When my parents downsized from our family home and looked for a condo I don’t think my mom took a folded towel with her on the real estate showings. But I’m pretty sure she had that inner towel calculator going in her head. A condo without a proper linen closet wasn’t going to pass muster.
Perhaps it is my rebellious nature, my sheer laziness, or the configuration of our towel storage area but I do not use the 3 x 3 folding method mom favored. I fold my towels in half lengthwise, give them a 90 degree turn, fold in half again, then starting at the bound side (not the fold side) roll them tightly.
Crazy, I know, but it works. And, for us it’s just the right way of doing it.
Here’s an alarmingly loud video from “Ask the Decorator” that shows three ways to fold towels.
Related articles
- Towel and Sheet Folding 101: Get It Right the First Time (blackamericaweb.com)
- Linen Closet of Doom (tnsoutherncharm.wordpress.com)
- Quick Tips for Organizing Bathrooms (hardwarebajaar.wordpress.com)

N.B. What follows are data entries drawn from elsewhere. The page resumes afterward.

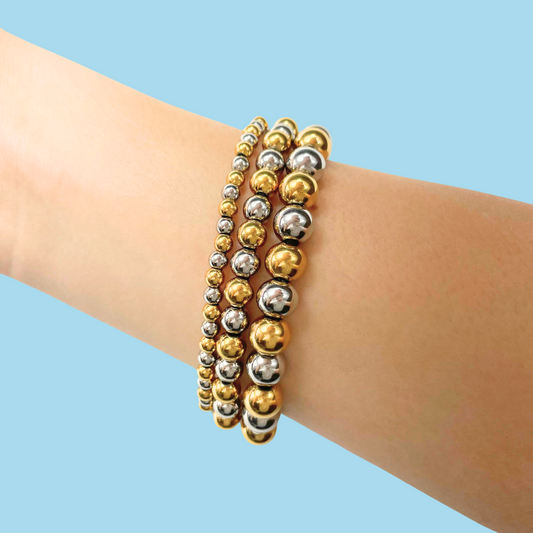 Pulsera Bolitas Oro-Plata Acero Inoxidable 2A1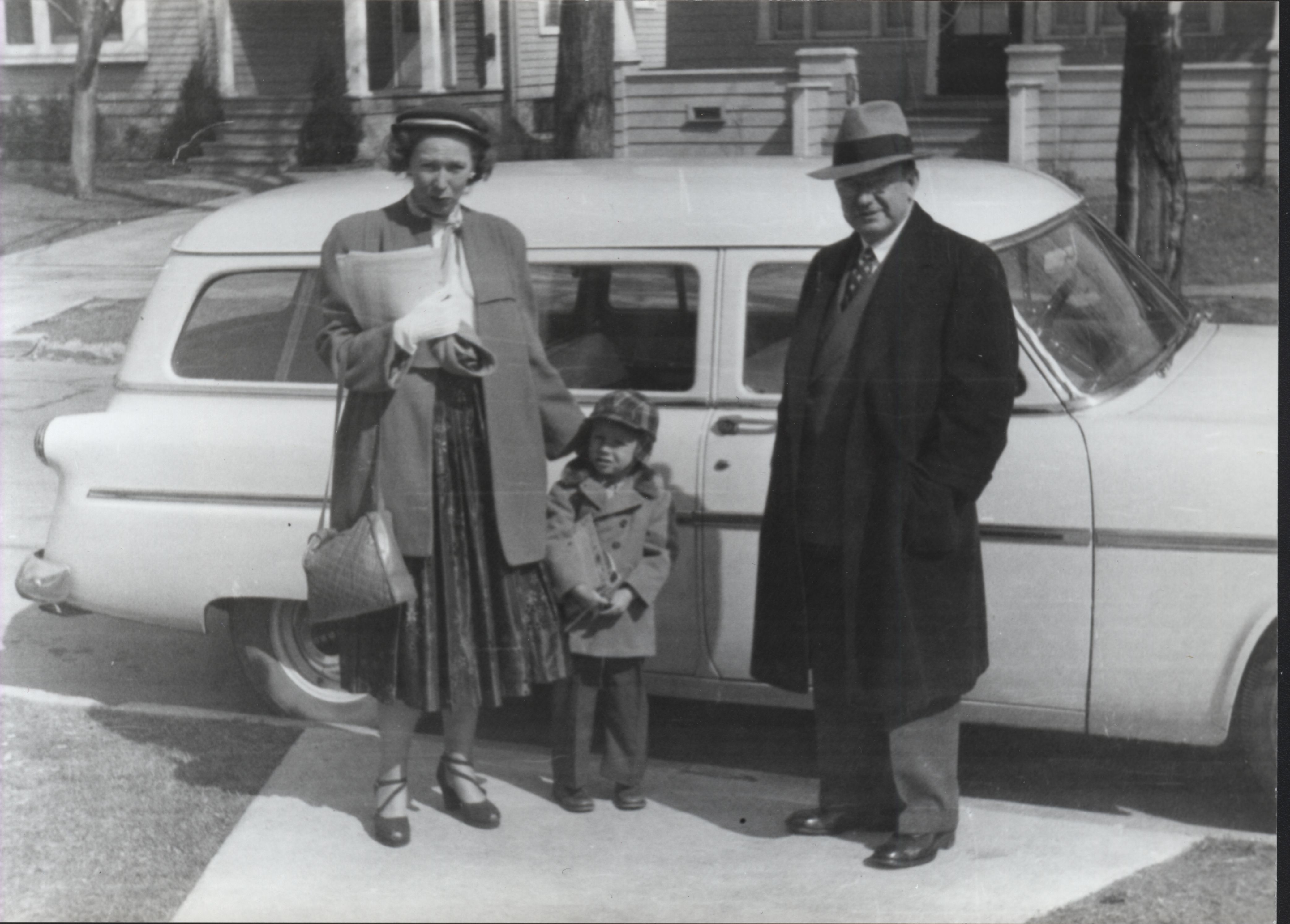 Martha Walsh (daughter-in-law), Mervyn B. Walsh (grandson), and Mervyn B. Walsh (founder) in front of his Grosse Pointe apartment in April, 1955. (from back of photo)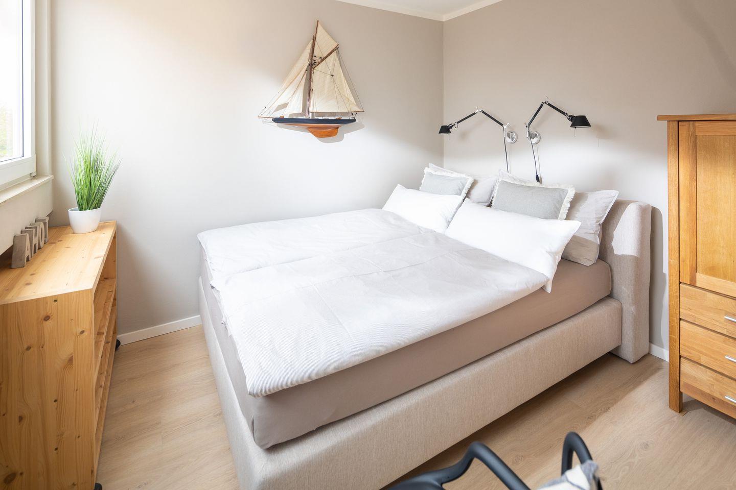 Die in zwei Etagen gegliederte Unterkunft umfasst insgesamt drei Zimmer, darunter zwei separate Schlafzimmer ( 1 SZ mit Doppelbett, ein SZ mit 2 Einzelbetten ), die sich für Familien oder gemeinsam reisende Paare eignen. Im offen gehaltenen Wohn- und Essbereich sorgen eine Sofaecke mit TV sowie WLAN für angenehme Unterhaltung und Konnektivität. Dabei bleibt genügend Platz, sich am Esstisch gemeinsam zu den Mahlzeiten zu treffen.
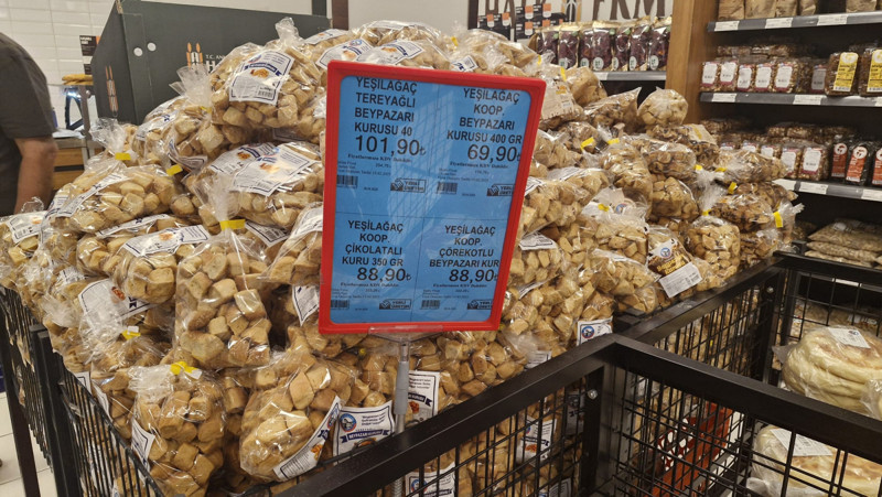 Başkent Market raflarında fiyatlar da piyasa koşullarına göre makul seviyelerde kalıyor. Örneğin, yöresel lezzetlerden Beypazarı kurusu 70 TL’den başlayıp kalite ve ambalajına göre 102 TL’ye kadar çıkarken, Kızılcahamam’dan gelen bir kilogramlık tarhana 110 TL’den satışa sunuluyor. 350 gramlık makarnalar çeşidine göre 82,25 TL ile 87,50 TL arasında alıcı buluyor. Yumurta 140 TL’den, 900 gramlık süzme yoğurt ise 130 TL’den satılıyor.

June 28th, 2013 at 10:43 pm
Women after my own heart. I have tried to fold things “differently” … You know towels, sheets, etc. but there is only one right way. Otherwise it is pure bedlam. Thanks for being part of the OCD crowd!
June 28th, 2013 at 10:46 pm
I was really feeling free-spirited and hippie until I wrote the part at the end… where some one could come to my house and roll them fold side in. And seriously! That just makes me feel all icky inside. Oh, dear.
June 29th, 2013 at 7:08 am
groan,family use the rolling method. n\but when i look in my linen cupboard the bottom towels are folded flat, the one side is sort of your brother’s method and some are rolled. I guess I am trying to agree with everyone
June 29th, 2013 at 11:42 am
Sidey– ahhh… Here’s to the diversity of toweldom!
June 29th, 2013 at 11:57 am
Your Mother’s method sounds very similar to what I was taught in Boot Camp – a method I still follow. Since space aboard a Navy Warship is extremely limited (and much more so for low ranking sailors) we were taught to fold our uniforms, underwear, socks and towels into precise packages. Nearly half a century later I still do it that way – old habits die hard. The time I spend doing it drives my wife a little nutty, as she believes in spending the minimal amount of time necessary to put everything away. Thanks for posting this; it’s shown me that I’m not the only one who feels it’s necessary to stow everything correctly, regardless of which methodology you choose to use!
June 29th, 2013 at 2:30 pm
Yep. Although mom wasn’t in the Navy (both her brothers were) she did run a tight ship. Thanks for your comment…and for your service!
June 29th, 2013 at 10:49 pm
“When you are at my house… you do it my way . … When you have your own house you can do it your way.”